Special Section

Text Retrieval Online: Historical Perspective on Web Search Engines

by Trudi Bellardo Hahn

The first online text retrieval systems appeared more than 30 years ago, and in the years since, they have continued to evolve. At a quick glance, it might appear that their development has been one long line of continuous improvement in functionality and usability. But is that true? Are all users - not just expert searchers - able to search with increasing facility and speed and with greater satisfaction with their results than the users of the early online era?

A part of the answer to that question can be revealed by examining the basic features of online systems, tracing when those features were introduced and comparing them with the functionalities and power of modern Web-based search engines. These features include search capabilities, browse capabilities and other miscellaneous helpful functions.

In the research that Charles Bourne and I are conducting for our forthcoming book on the early development of online systems, we are attempting to establish the milestones of invention and implementation. We will report on many details of development and implementation, in order to give credit to the many individuals who contributed to the progress of online retrieval. However, verifying dates, establishing priority of discovery and invention and giving proper credit to genuine trailblazers is a difficult and complex task. In this brief article, the examples given are not necessarily the very first or only of their type; they were, however, among the first solid trailblazing efforts that resulted in working systems.

What are the basic capabilities of online systems and search engines, when were they first introduced and by whom? Note that persons named are the individuals most often associated with a project. However, the pioneers did not work alone; they always were part of a research and development team. It is worth noting also that many of these search features had been conceptualized a decade or so earlier and used in serial searching of databases on magnetic tape.

Search Capabilities

The goal of a search capability is to match a user's specified information need with items in a database that will answer it. Two types of search capabilities are used: those that help to specify the relationship between terms in a search statement and those that facilitate the interpretation of a particular word.

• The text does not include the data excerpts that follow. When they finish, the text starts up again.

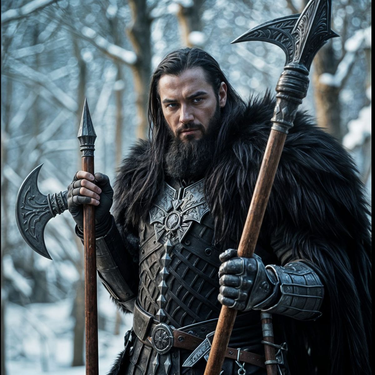 A high-detail, cinematic image of a fantasy warchief in dark armor and a wolf cloak, holding a spear and axe in a scenic winter forest. Masterfully lit for dramatic effect.
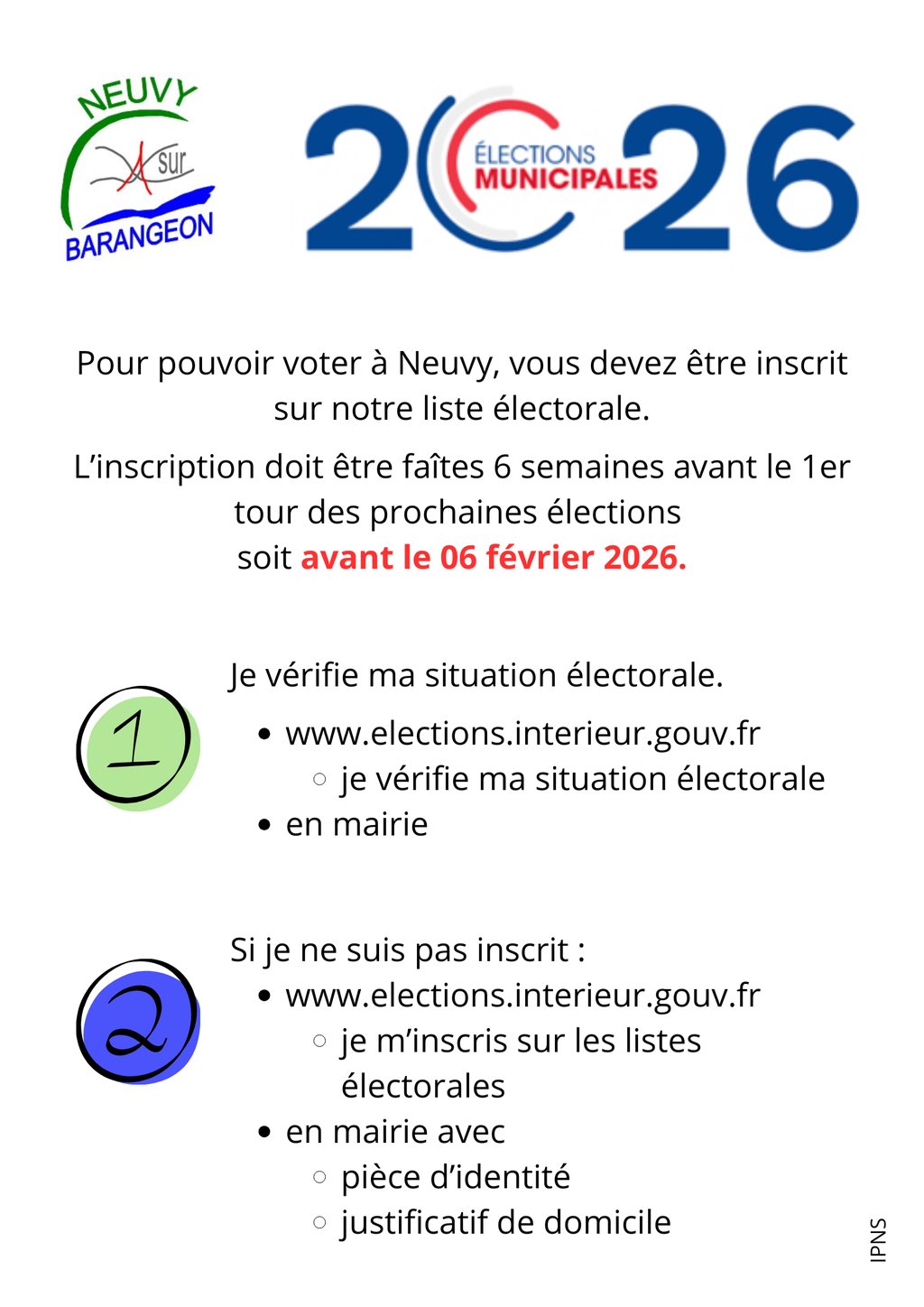 Si vous souhaitez voter aux élections municipales de mars 2026 alors que vous n'êtes pas inscrit sur les listes électorales, vous devez vous inscrire au plus tard le 6 février 2026.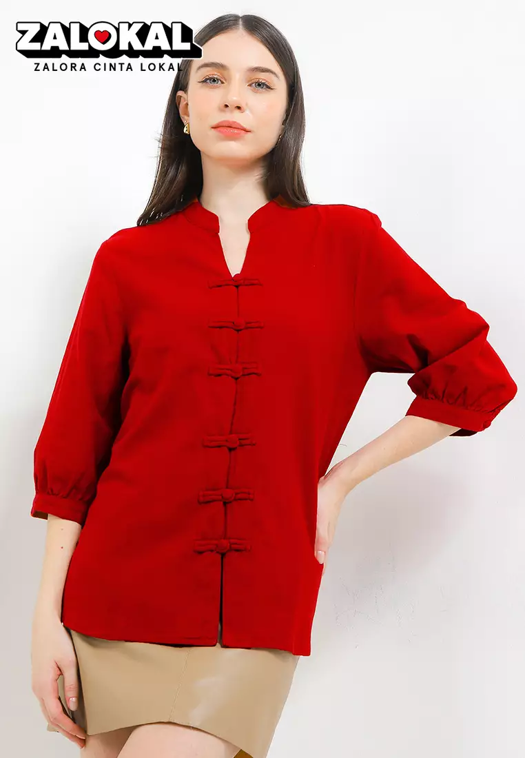 - Leher: Kerah Mandarin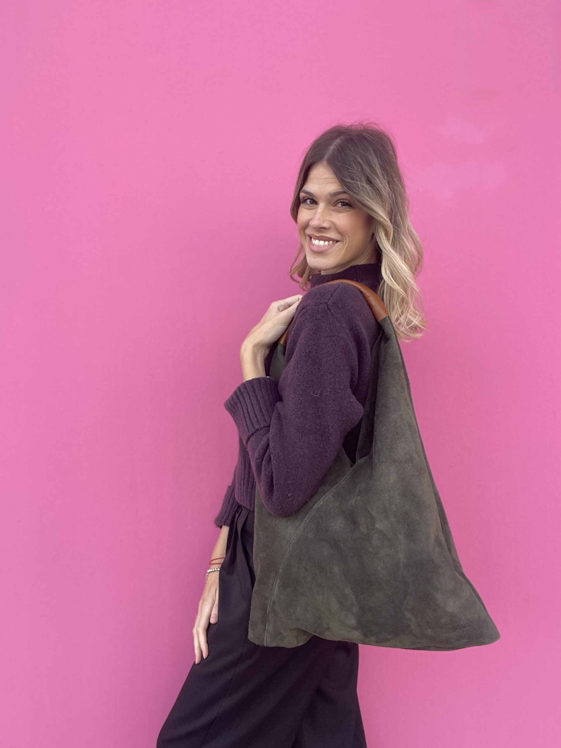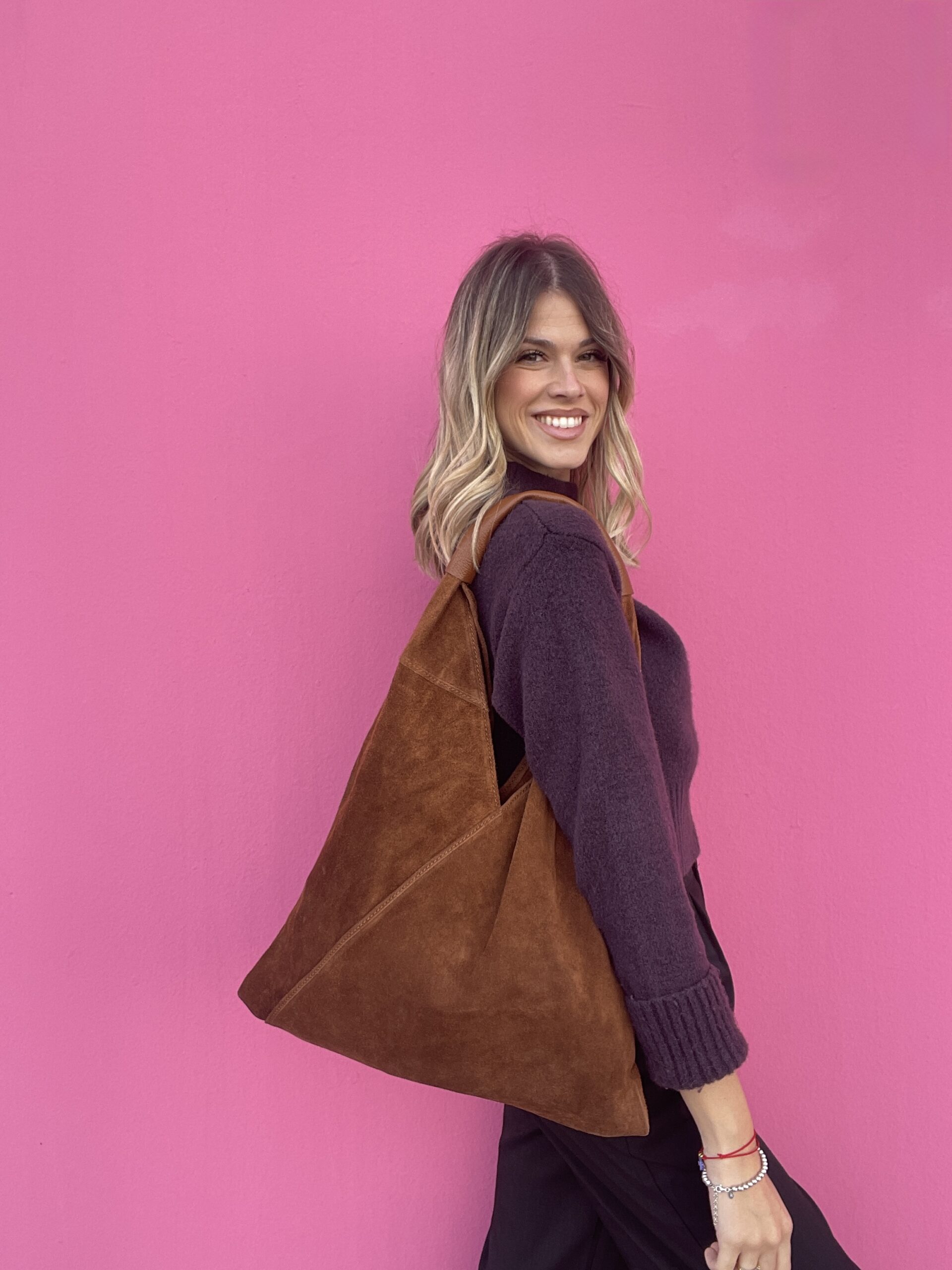 Scopri la Borsa Tokyo, un accessorio dal design moderno e raffinato, caratterizzato da linee essenziali che evocano un’estetica dalle linee pulite. Realizzata in pelle scamosciata, questa borsa non strutturata si distingue per le sue forme squadrate, creando un contrasto affascinante con la morbidezza della pelle.

Relationships Between Terms

Interpretation of a Particular Word

Browse Capabilities

Once a search is completed, browse capabilities help a user to determine which items are of interest and to select them to be displayed more fully. Since searches usually retrieve non-relevant items, browse capabilities assist in focusing on items that have the highest likelihood of meeting the information need.

Miscellaneous Capabilities

From the 1960s forward, online systems have offered additional functions that reduce the time and facilitate a user's ability to input queries and reduce the likelihood of entering a poor query.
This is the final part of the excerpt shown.